New on the County Channel

In this first episode of the County’s new show “One on One,” we delve deeper into the issue of homelessness and talk with Cheri Todoroff, director of the Homeless Initiative. From encampment resolutions to new housing, she breaks down what’s driving the crisis and what County leaders are doing to address it.

You can watch more stories like this on Channel 92 or 94 on most cable systems, or anytime here. Catch up on LA County Close-Up here.

In Case You Missed It

Register to Vote

Los Angeles County Registrar-Recorder reminds you to register to vote by visiting LAVOTE.GOV

Be sure to re-register if you change your name, address, or political preference. Check your voter registration online at LAVOTE.GOV/VRSTATUS

For additional information:

Voter registration for people experiencing homelessness

Voters with a criminal history

Pre-registration for voters under 18

At Your Service

Hiring Fair for Youth!

Looking for a job? Interested in exploring career options? Come to the first-ever Youth Expo for youth and learn about different careers and job opportunities that are available. Companies will be on-site to offer resources, discuss job opportunities, and provide feedback and valuable information on how to get hired! Don’t forget to bring several copies of your resume and right to work documents.

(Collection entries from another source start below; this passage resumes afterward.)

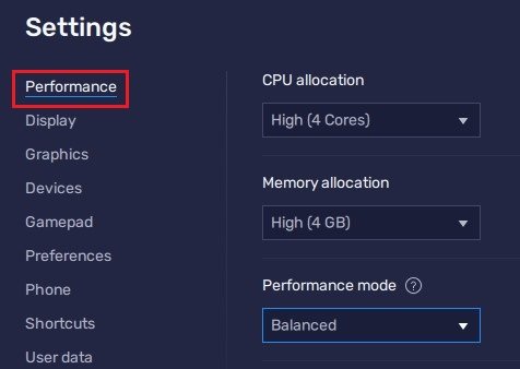 Durante il download del gioco, dovresti controllare le impostazioni dell'emulatore. Fai clic sull'icona a forma di ingranaggio per accedere a queste impostazioni. NelPrestazionescheda, dovresti impostarli in base alle prestazioni del tuo PC. Assegnare aAltoquantità diCore della CPUse non hai molte altre applicazioni in esecuzione in background. Lo stesso vale per il tuoMemoriaallocazione. Per gli utenti con4GBo meno RAM, impostare questa opzione suBasso.
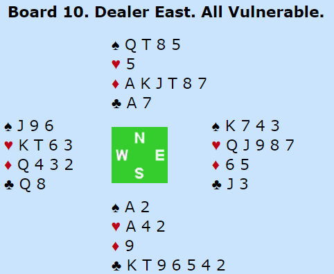 Den franske syd var i samme situasjon som Basmo idet også hans makker doblet opplysende mot 1 hjerter. Men Frankrikes syd satset på det han trodde var sikre +600 eller mer i 3NT. Da var ikke sikkert i det hele tatt...
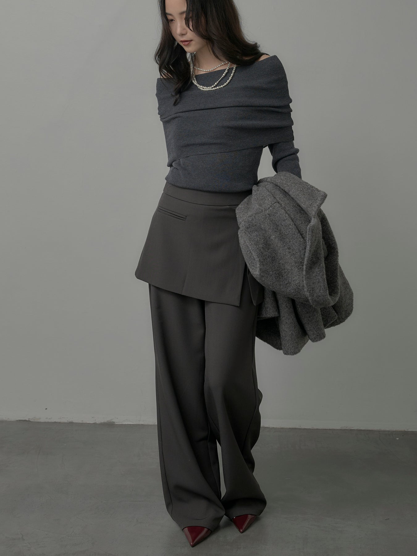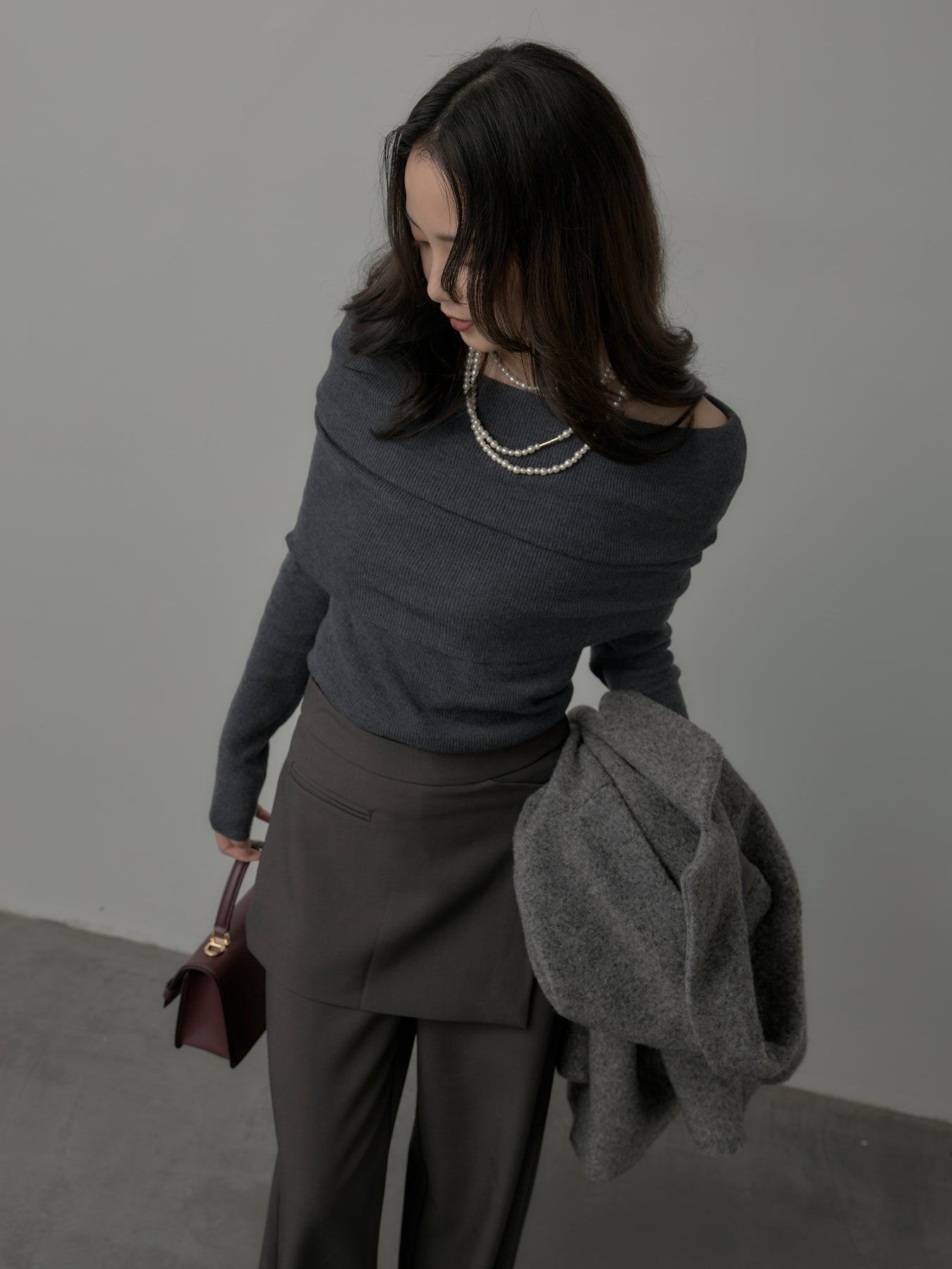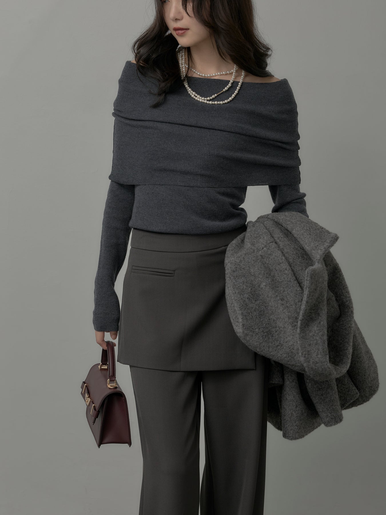 【SET】【Essential】オーバーサイズジャケットコート+オフショルリブニットトップス+ラップワイドパンツ(3set)

Date: Friday, September 29, 2023

Time: 10 am – 2 pm

Location: East San Gabriel Valley AJCC at Hacienda La Puente Adult School, 14101 E. Nelson Ave. La Puente, CA 91746

Out and About

Beach Clean Up

In celebration of Coastal Cleanup Day, LA County Beaches and Harbors is partnering with Supervisor Holly J. Mitchell and Heal the Bay to host a Beach Cleanup event at Dockweiler Beach. Our goal is to inspire and educate a new generation on how to create a more sustainable future!

Coastal Cleanup Day will also feature the following activities:

  • Can the Trash! booth
  • Traveling tidepool
  • Arts & crafts station with reDiscover Center featuring crafts made with recycled materials

EVENT DETAILS:

  • Date: Saturday, September 23, 2023
  • Time: 9 AM – 12 PM
  • Location: Dockweiler Youth Center, 12505 Vista del Mar, Playa del Rey, CA 90293
  • Parking: Free during event hours
  • RSVP: Click here to register

SAFETY: Be safe! Be sure to bring a hat, sunscreen, water, & refillable water bottle.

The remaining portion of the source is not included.